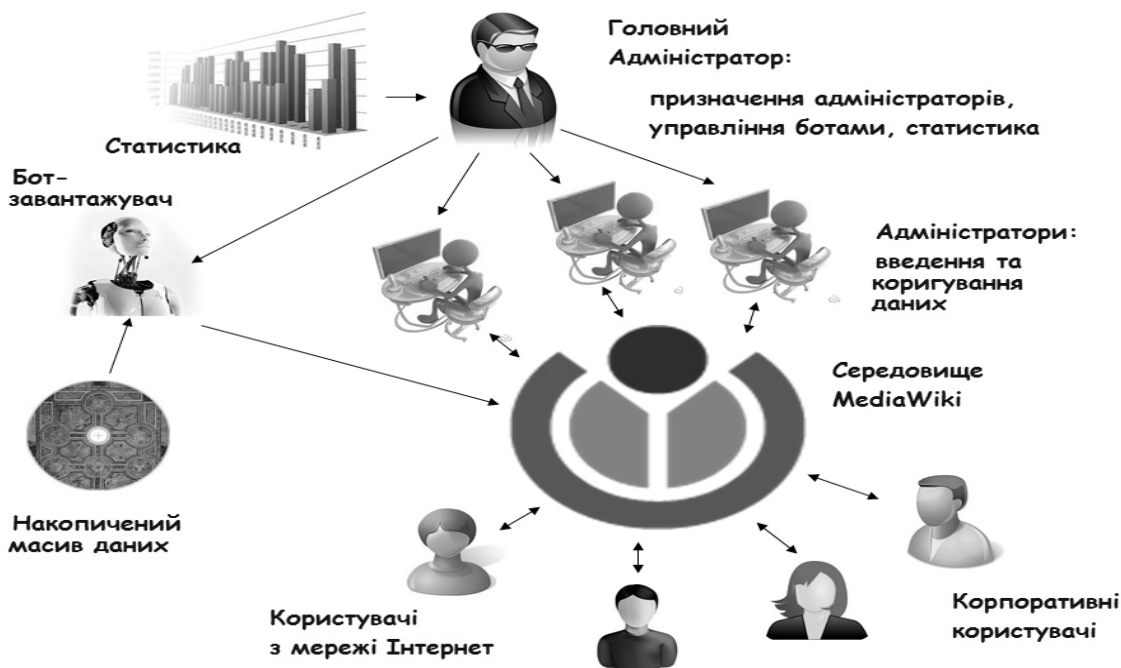
Рис. 2 – Схема організації колективної роботи

Можливості технології MediaWiki дозволяють організувати колективну роботу по веденню/супроводженню ЕлЕнЗ у модернованому режимі (Рис. 2).
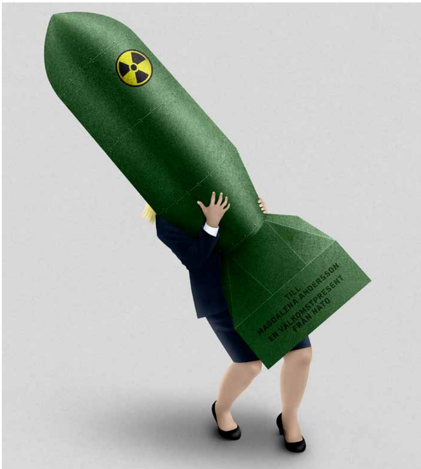
Illustration: : Karin Z. Sunvisson/Moment 2022 – ett upprop mot kärnvapen, upprustning och Natomedlemskap.

är dock i praktiken omöjligt med tanke på vilken roll kärnvapnen spelar i den militära organisationen med globala ambitioner.
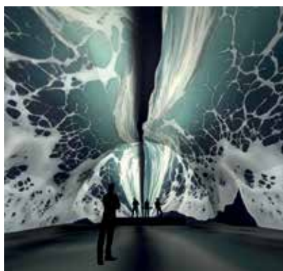
DansO Fleuves
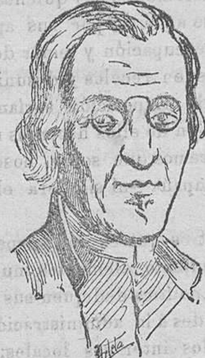
D. ANTONIO SOLÍS

En la Universidad de su cuna estudió Filosofía y Letras, y las inclinaciones que desde muy joven demostró por la literatura, le condujeron a ser uno de sus más fervientes y meritorios cultivadores de su época, y fué insigne poeta dramático y lírico.
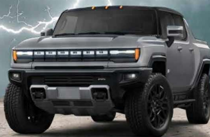
GMC HUMMER EV
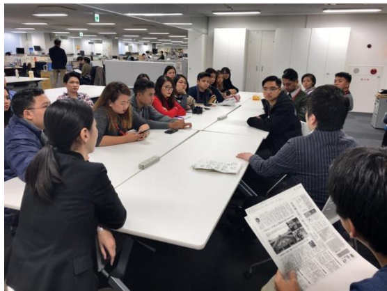
11月29日【メディア/テーマ関連視察】 朝日新聞社名古屋本社
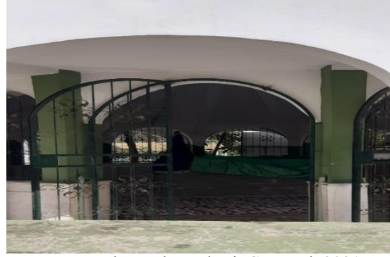
Foto 7. Muğdat Dede Türbesi
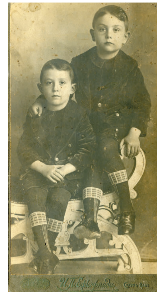
Сыновья Каллиопа Вафиади
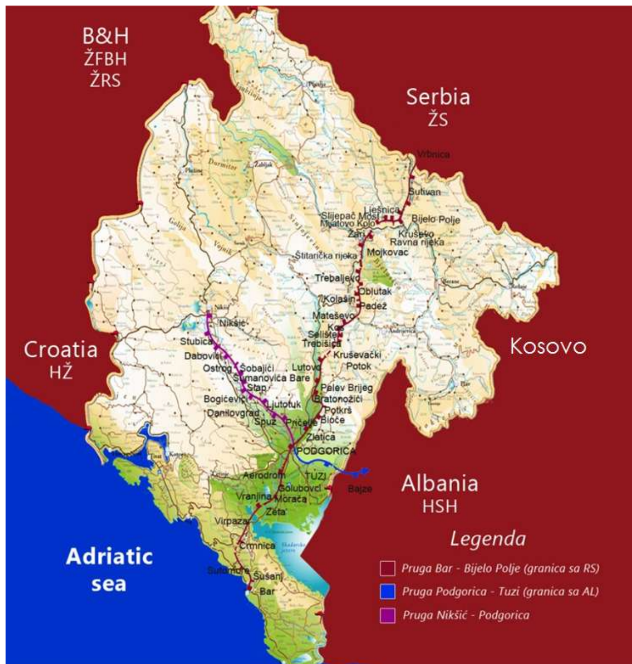
Prilog 2. Pregled mreže željezničkih pruga u Crnoj Gori
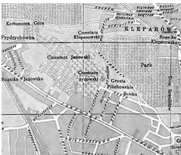
Рис. 2. Фрагмент польської карти Львова 1938 р.

Вхідними матеріалами для досліджень слугували:
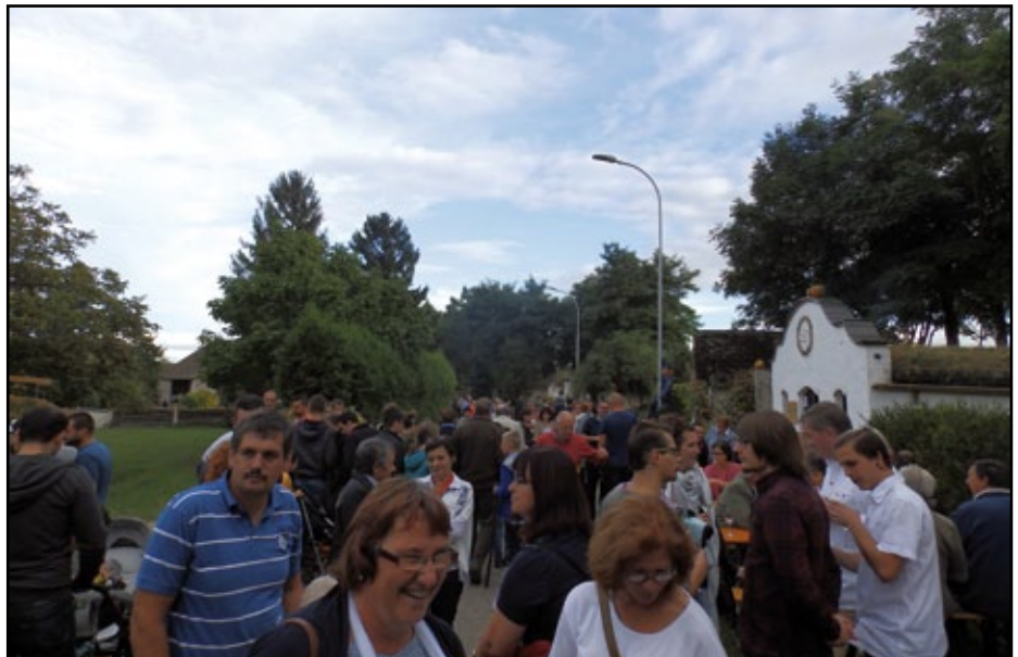
Der Besucheransturm war vor allem am Sonntag enorm.
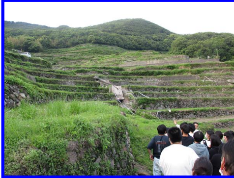
▲地域おこし協力隊より説明
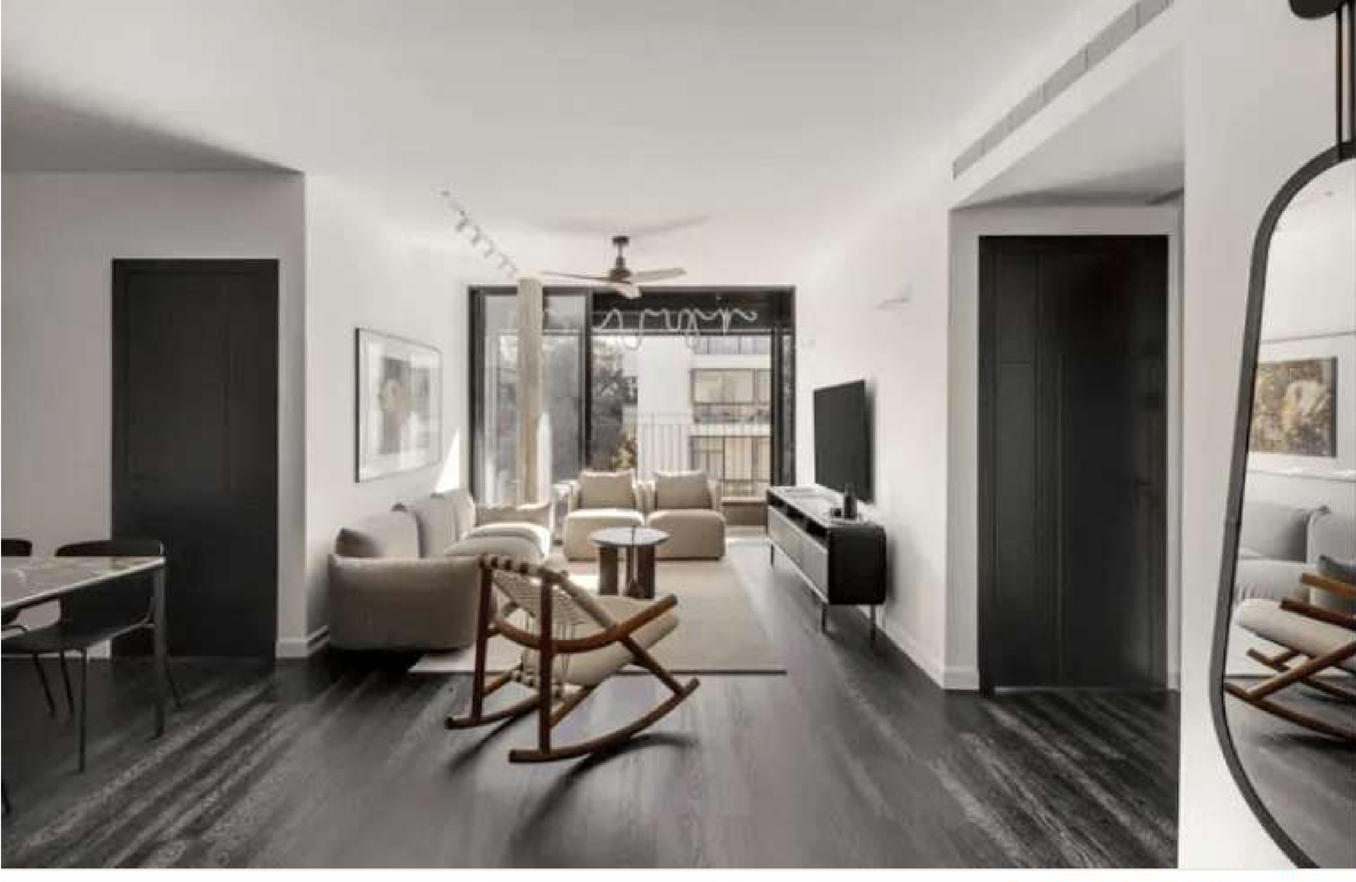
דלתות FREAMS של המעצבות / עודד סמדר

עיצוב דירות קטנות, כמו דירות סטודיו ודירות שני חדרים, הוא מאתגר. כאשר המרחב מוגבל, כל פרט בעיצוב יכול לשנות את האווירה והתחושה הכללית של הבית. תחושת מרחב ונוחות, תוך שמירה על פרקטיות ומקומות אחסון - יעשו את העבודה
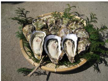
「愛なんブランド」の確立をめざす 特産品の愛南かき

* **ASSIGNMENT**: What you need to copy is the run of lines from the one holding "Foto 7. Muğdat Dede Türbesi" through the end of the data, exactly and only, both ends included, pictures omitted.

* **YOUR SOLUTION**:
Foto 7. Muğdat Dede Türbesi
Сыновья Каллиопа Вафиади
Prilog 2. Pregled mreže željezničkih pruga u Crnoj Gori
Рис. 2. Фрагмент польської карти Львова 1938 р.

Вхідними матеріалами для досліджень слугували:
Der Besucheransturm war vor allem am Sonntag enorm.
▲地域おこし協力隊より説明
דלתות FREAMS של המעצבות / עודד סמדר

עיצוב דירות קטנות, כמו דירות סטודיו ודירות שני חדרים, הוא מאתגר. כאשר המרחב מוגבל, כל פרט בעיצוב יכול לשנות את האווירה והתחושה הכללית של הבית. תחושת מרחב ונוחות, תוך שמירה על פרקטיות ומקומות אחסון - יעשו את העבודה
「愛なんブランド」の確立をめざす 特産品の愛南かき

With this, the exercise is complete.